DELHI found itself under siege last month. Young men blocked roads and canals that feed people and water into the city. They looted, set fires and dragged women out of cars to rape them. The protesters, from a relatively privileged group of land-owning peasants called Jats, were agitating to be included in India’s list of “other backward classes”, which guarantees university places and government jobs.

Faced with dry taps, Narendra Modi’s government was eventually forced to concede to the demand.
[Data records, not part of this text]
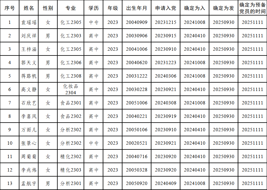 经过党组织的培养教育和考察,化工2305班袁瑶瑶等 13位同志已基本具备党员条件,在听取党小组、培养联系人、党员群众意见的基础上,经学工支部大会研究,将其列为预备党员,现将有关情况予以公示。
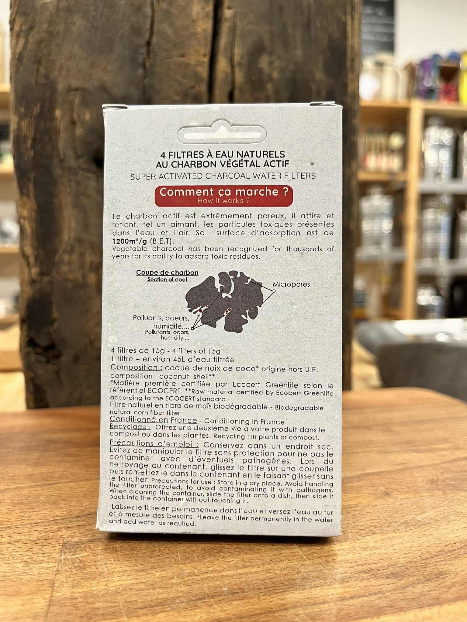 boîte de 4 filtres à gourde de charbon actif végétal
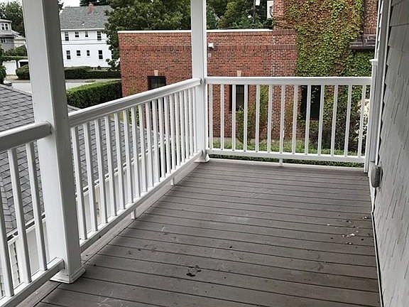 This spacious 2nd floor, two level apartment in the Harvard Lawn neighborhood has been completely renovated and updated! A living room with beamed ceiling and gas fireplace leads to a dining room and then eat in kitchen with SS appliances and granite countertops. You can step out onto a private porch overlooking the back yard and two additional bedrooms and a full bath complete the 2nd floor. Walk up to the 3rd floor to a large bedroom, a bonus room, full bath and laundry room. This level also includes a lot of storage closets. Enjoy central air and hardwood floors throughout plus plenty of extra storage space in the basement. This unit is conveniently located close to public transportation, the 73 bus to Harvard Station, Grove St park, restaurants and shops. Pets with restrictions, no smoking. Must see!
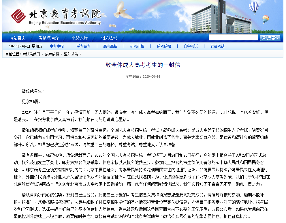 最后,引用北京教育考试院的《致全体成人高考考生的一封信》里的几段话吧,祝福各位成考考生!
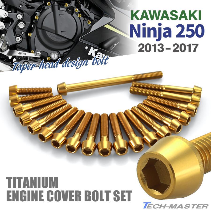 ニンジャ250 2013年-2017年 Ninja エンジンカバー クランクケース ボルト 20本セット チタン製 カワサキ車用 ゴールドカラー JA8353
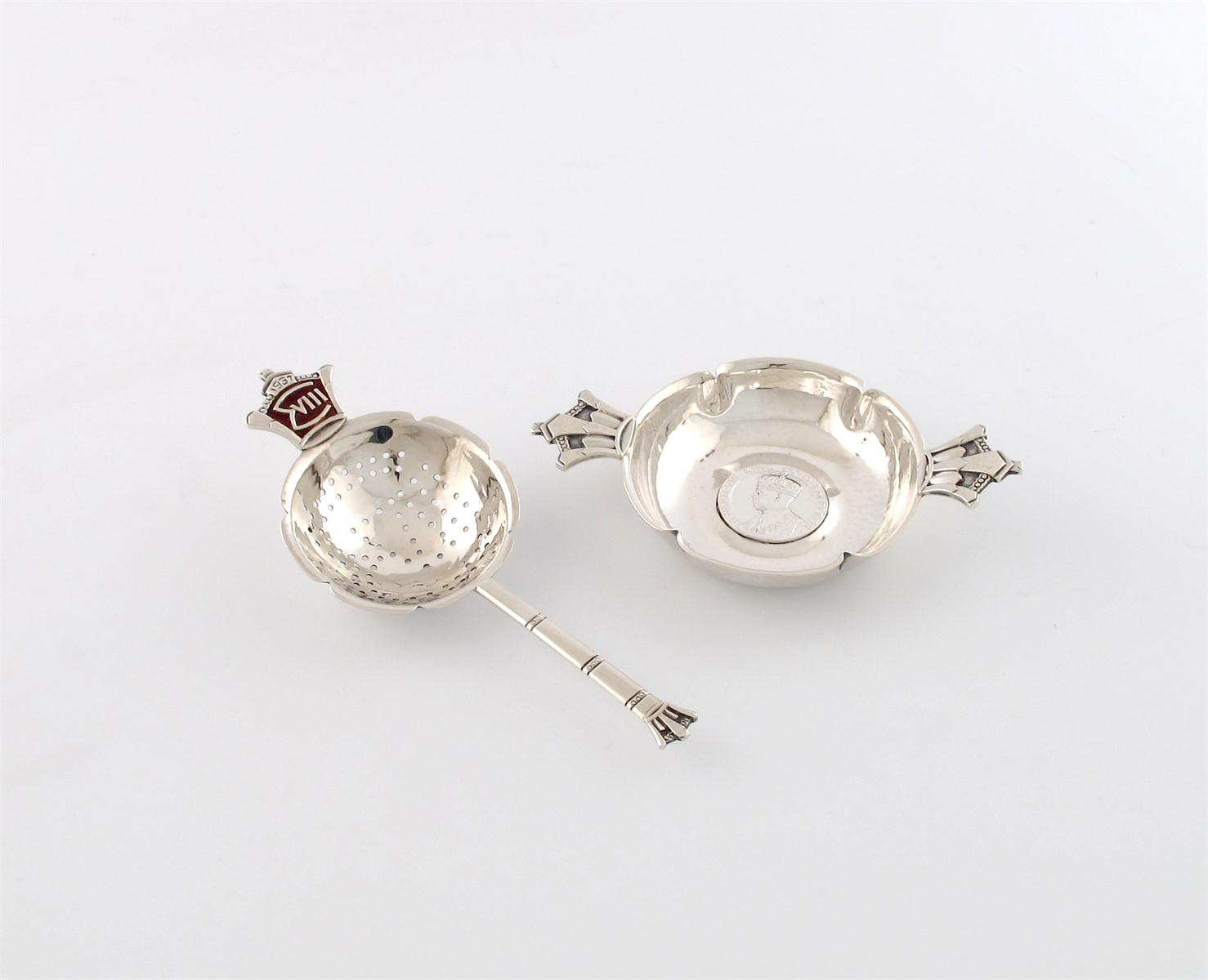 the tea strainer with a red enamelled crown with EVIII, the quaich with crown side handles and set with a coin, approx. total weight 3oz. (2)
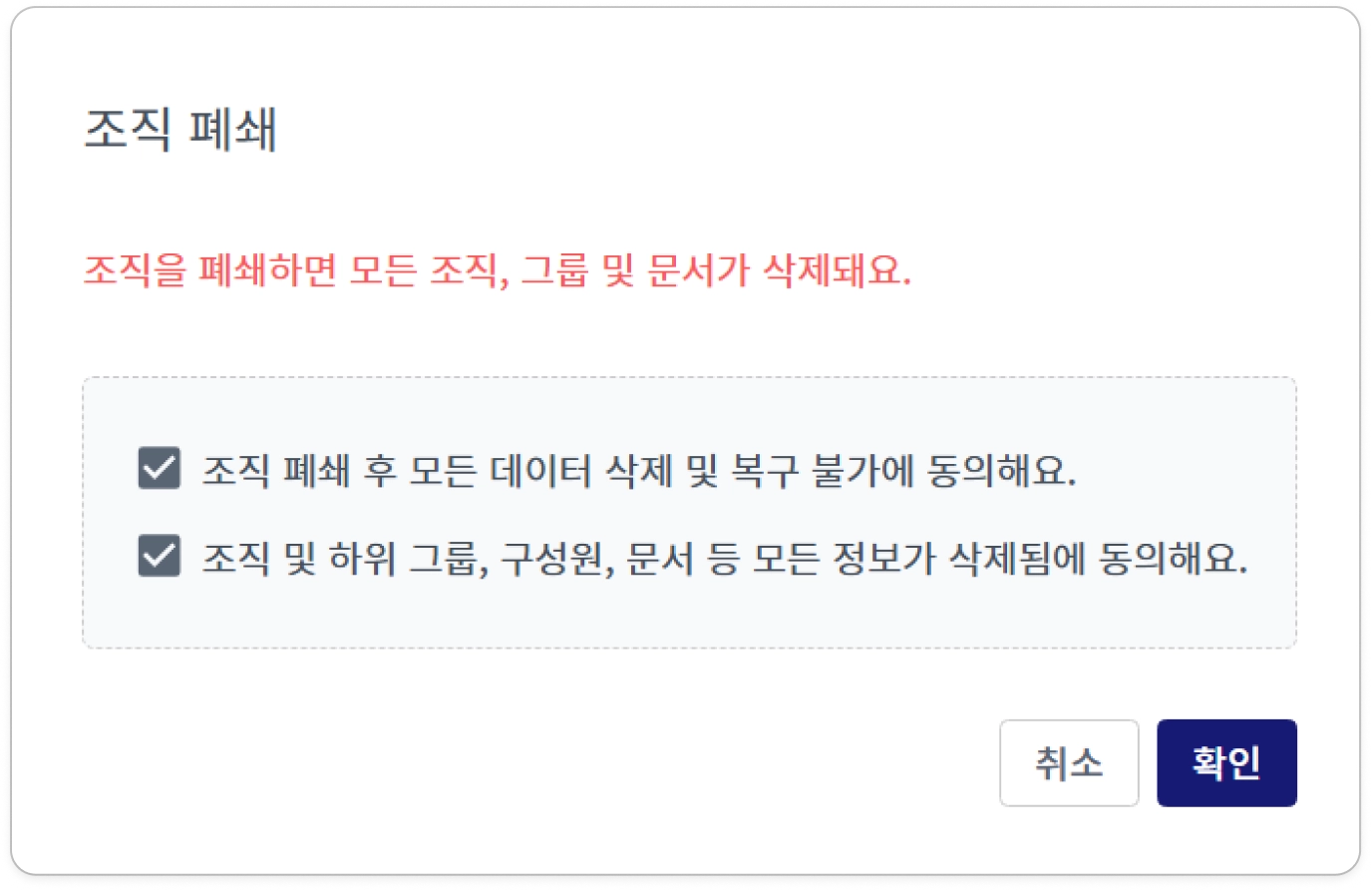 조직 폐쇄에 대한 안내 및 동의 내용에 체크 후 [확인]을 누릅니다.
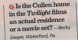 A: While I’m on hold with Hollywood, let me take a few minutes to remind you that America is at war with two (or three) countries right now, tragedy is running rampant around the globe, we’re currently in the midst of The Great Depression II, and the world is running out of bees. But using your one question to inquire about the Twilight house is a good use of…wait…hold on.
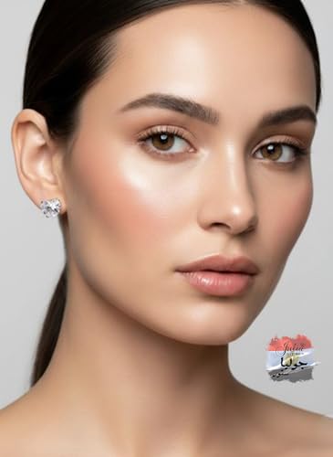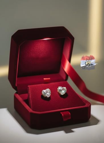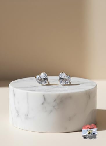 Julia Store - اقراط من الستانلس ستيل المطلي بالذهب عيار 18 قيراط من جوليا ستور بتصميم جمالي فاخر ورومانسي انيق وعصري وانيق وكلاسيكي مرصع بحب زركونيا مكعب على شكل قلب، هدية مجوهرات
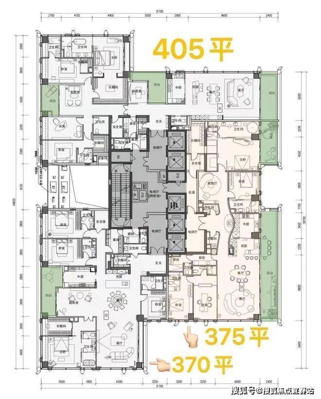 ②高区42F起(150-200米)是约370-375-403㎡4+1房五卫+家庭厅+家政套间;

This is the fury to which Somini Sengupta refers in the subtitle of her sharply observed study of India’s young, “The End of Karma: Hope and Fury Among India’s Young”. The median age in India is 27. Every month between 2011 and 2030, nearly 1m Indians will turn 18. Those coming of age this month were born well after the country started opening up its markets in 1991; they have spent their formative years in a world of optimism and rapid economic growth. But Ms Sengupta calls India “a democracy that makes promises it has no intention of keeping”. Advertisement

By 2030 the majority of Indians will be of working age. This could be what economists call a “demographic dividend”, creating a high worker-to-dependent ratio—or it could be a time bomb. India is producing nowhere near enough jobs for the tens of millions of young people joining the workforce every year.
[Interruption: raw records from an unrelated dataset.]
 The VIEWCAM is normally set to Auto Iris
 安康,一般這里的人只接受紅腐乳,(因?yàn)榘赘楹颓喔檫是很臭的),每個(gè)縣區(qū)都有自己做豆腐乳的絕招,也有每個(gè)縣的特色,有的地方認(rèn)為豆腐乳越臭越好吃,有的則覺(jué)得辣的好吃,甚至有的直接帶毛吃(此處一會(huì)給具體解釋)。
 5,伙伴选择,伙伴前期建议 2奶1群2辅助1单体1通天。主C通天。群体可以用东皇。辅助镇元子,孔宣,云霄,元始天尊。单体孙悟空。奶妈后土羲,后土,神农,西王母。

The argument running through Ms Sengupta’s book, made of seven richly detailed portraits of young Indians, is both simple and beguiling. For centuries Indians born into wretched circumstances have accepted their lot as karma—punishment for misdeeds in past lives. This belief explains the persistence of the caste system, and the remarkable fact that a country that is home to one in three of the world’s poor has not come apart at the seams. But young people no longer accept karma, argues Ms Sengupta. Ideas of aspiration and free will have entered the Indian consciousness. Young Indians today demand the right to shape their own futures. If fury is in ample supply, so is hope.
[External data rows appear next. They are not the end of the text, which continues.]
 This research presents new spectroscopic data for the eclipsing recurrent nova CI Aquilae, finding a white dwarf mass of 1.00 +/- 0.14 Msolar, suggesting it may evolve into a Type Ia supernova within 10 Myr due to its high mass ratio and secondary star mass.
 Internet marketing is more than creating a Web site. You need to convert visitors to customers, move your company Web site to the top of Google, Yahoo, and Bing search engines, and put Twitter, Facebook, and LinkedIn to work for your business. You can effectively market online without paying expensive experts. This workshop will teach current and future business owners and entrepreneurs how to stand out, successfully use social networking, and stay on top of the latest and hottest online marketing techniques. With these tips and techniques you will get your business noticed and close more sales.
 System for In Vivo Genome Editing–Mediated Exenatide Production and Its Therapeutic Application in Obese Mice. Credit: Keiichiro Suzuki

Yet at every step the young are thwarted. It starts in the womb. A traditional preference for boys means that India has one of the most skewed sex ratios in the world: 1.13 boys for every girl, second only to China. (The ratio in America is 1.05.) One in three children under five is underweight. Nearly two-thirds of food meant for early-childhood feeding programmes is pilfered. A rare bright spot is education: in 2013, 96% of primary-school-age children were enrolled. But here, too, India fails its young. By the age of ten, only 60% of students can complete work at the level of a five-year-old. More than half cannot subtract.